When Chinese AI hits public markets, the premium changes in days.
The static scoreboard tells you where a pair sits today. The temporal series tells you what actually moved it there — Hong Kong listings, export-control overhang, revenue maturation.
From snapshot to trajectory
The founding paper and the sector view both report each pair's premium as a static reading: where it sits today. That framing is insufficient. The static −98% on Anthropic and Zhipu does not communicate that the pair was at −50% at end-2023 and detonated only in the most recent six months under the Hong Kong listing window. A static +40% on TSMC and SMIC does not communicate that the same pair was at +145%thirty months earlier — a 105-point compression that traces a coherent regime change. This piece adds a temporal series to six computable pairs across four reference points (end-2023, end-2024, end-2025, mid-2026) so the premium becomes a trajectory rather than a number. The three cleanest trajectories — Anthropic and Zhipu under the Hong Kong rerating, TSMC and SMIC under the export-control regime, and xAI and Minimax under revenue-curve maturation — each isolate a different mechanism. The trajectory data is, for a descriptive paper, the strongest reading the cohort produces.
Why a snapshot misleads
The static scoreboard reads the cohort as if every pair sat at its current premium in steady state. None of them does. The Hong Kong listing window for Chinese AI labs opened roughly in late 2025 and produced a series of trailing-multiple resets: Moonshot's September 2025 funding, Minimax's January 2026 IPO, Zhipu's February 2026 Hong Kong uplisting, and the May 2026 cluster of Moonshot's Meituan-led round and Zhipu's peak trading day. Each of those events shows up as a step in the relevant pair's trajectory. The static reading at mid-2026 captures the post-event state but loses the structure that put the pair there.

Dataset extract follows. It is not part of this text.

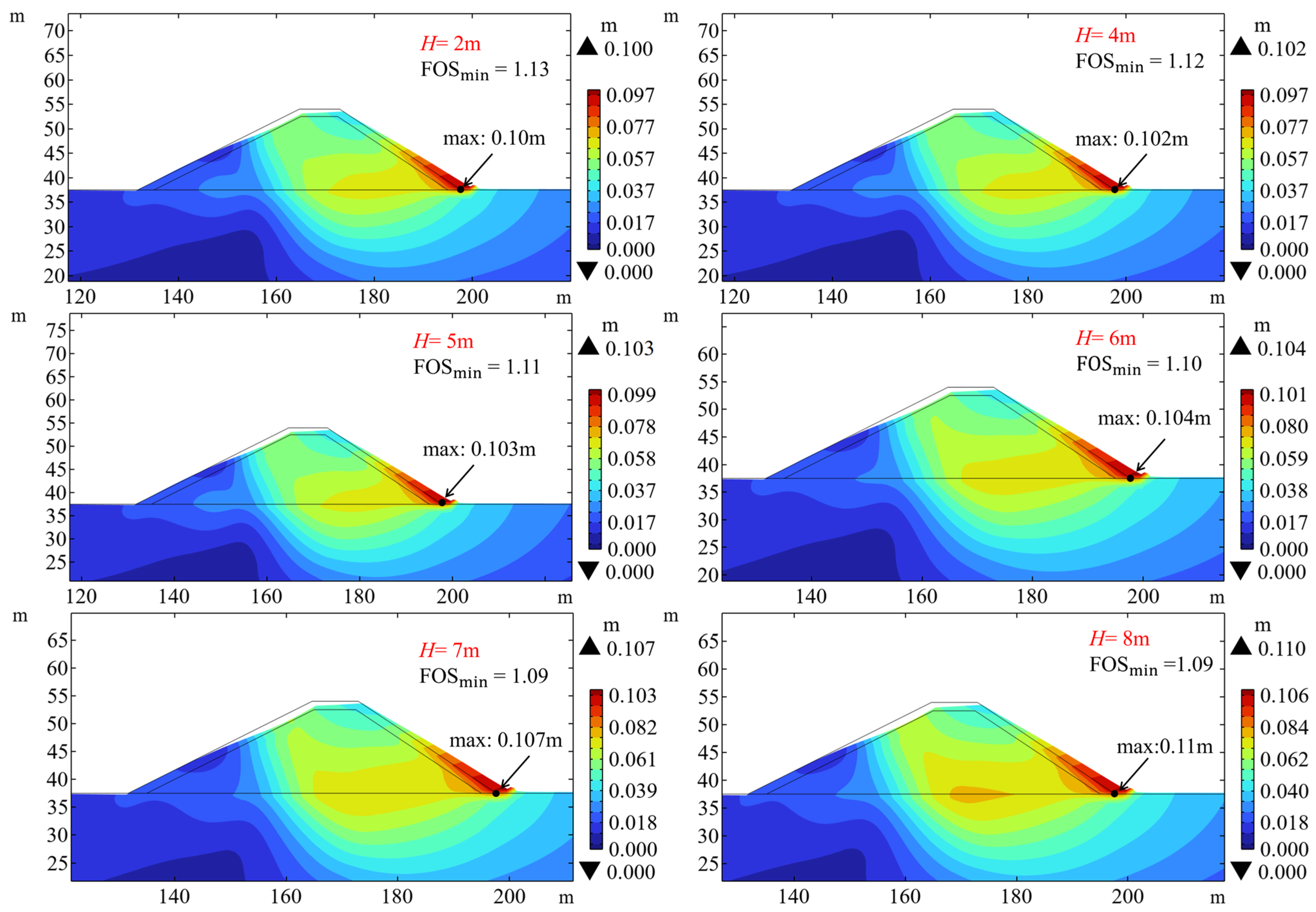 H = 2, 4, 5, 6, 7, and 8 m), with a maximum water depth of 12 m. It is shown that the maximum displacement near the foot of the slope increases with the increasing wave height. When the wave height increases from 2 m to 8 m, the maximum displacement increases from 0.10 m to 0.11 m, while FOS
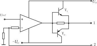 JTU—100型電子負載的原理圖如圖2所示,它最大可以吸收10A的電流,圖中V1、V2為調整管,Uref為可調基準源,1、2為輸出端,調節Uref的大小,不管負載如何變化,都可以在1、2端得到設定的電壓。

The same problem holds in semiconductors. The TSMC and SMIC pair sits at +40% in mid-2026. Read in isolation, the number suggests a stable Western capability premium. Read as a trajectory from +145% at end-2023 through +141% at end-2024, +60% at end-2025, and +40% at mid-2026, the same number resolves into a monotonically narrowing series — SMIC's price-to-sales multiple triples across the window as domestic-substitution revenue prices the export-control regime. The shape of the series is the substantive finding; the endpoint alone is not.
And the same problem holds in the revenue-curve direction. xAI and Minimax sits at +70% in mid-2026. In isolation, +70% reads as a moderate Western premium. As a trajectory — +1,289% at end-2024, +662% at end-2025, +70% at mid-2026 — it reads as a near-1,200-point compression driven by both firms scaling revenue past the near-zero base. The same final number, three different stories. The temporal series exists to make those stories legible.
Six pairs, four reference points, signed premium on a symmetric-log axis
Six of the twelve documented pairs carry at least three reference points across the end-2023 to mid-2026 window: OpenAI and Moonshot, Anthropic and Zhipu, xAI and Minimax, Boston Dynamics and Unitree, NVIDIA and Cambricon, and TSMC and SMIC. Three further pairs — DeepMind and DeepSeek, Figure and UBTECH, 1X and AgiBot — sit outside the trajectory framework because one side is pre-revenue, not separable from a parent conglomerate, or both. The three newest pairs — Cohere and 01.AI, Mistral and DeepSeek, Stripe and Ant Group — have point-in-time premiums but not yet enough historical reference data for a full trajectory.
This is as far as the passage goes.